0

I'm fairly new to SQL and trying to do calculate a new field based on 3 very large database tables. Here's an abstraction:

  • Table 1: players (contains a birthday DATE field)
  • Table 2: tournaments (contains a DATETIME field)
  • Table 3: games (has foreign keys referencing players.id and tournaments.id)

I would like to add to the games table a field containing a decimal representation of the player's age in years on the day of the tournament.
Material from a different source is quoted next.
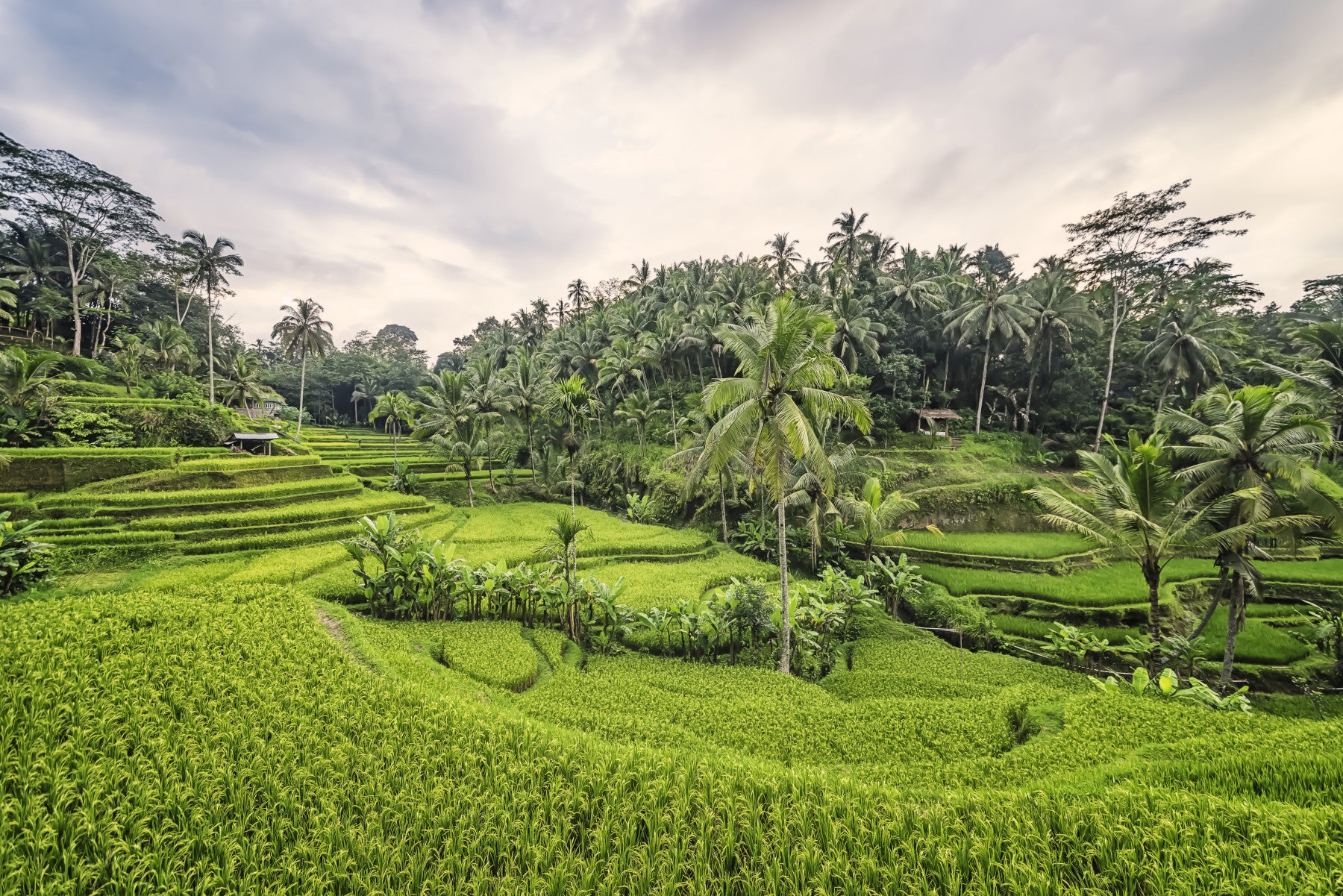Bali Rice Terraces coconut palm tree wallpaper for walls.

Would I need to write a procedure/operation loop to accomplish this? or is there a way to do it with an update query?

user3925713
  • 509
  • 1
  • 4
  • 10
  • Are you sure you want to store a calculated value? If a birth date gets corrected or a tournament rescheduled will you handle updating the calculated age field? – Mark Leiber May 26 '15 at 16:03
  • It might not be ideal, but for the sake of simplicity and performance (when doing statistics) I want to store it in this case. I don't anticipate making changes to birth dates (in the rare occasion that I do, I would just update the field again) and the tournaments are all finished so there won't be reschedulings. – user3925713 May 26 '15 at 16:13
  • You might want to take a look at the age calculation in the official documentation, which uses the TIMESTAMPDIFF function: http://dev.mysql.com/doc/refman/5.0/en/date-calculations.html. That just gets a whole number. If you need precise calculations, have a look at the algorithm here: http://stackoverflow.com/a/30377142/4665459 – Mark Leiber May 26 '15 at 16:29

2 Answers2

1

You can do this with a UPDATE statement. (But, do you really want to?)

First, write the SELECT statement that would give you the result.

SELECT g.player_id
     , g.tournament_id
     , p.birthday 
     , t.tournament_date
     , DATEDIFF(t.tournament_date,p.birthday) AS days_diff
  FROM games g
  JOIN player p ON p.id = g.player_id
  JOIN tournament t ON t.id = g.tournament_id 

Just add an expression that does the calculation you want to perform, and return that as a column.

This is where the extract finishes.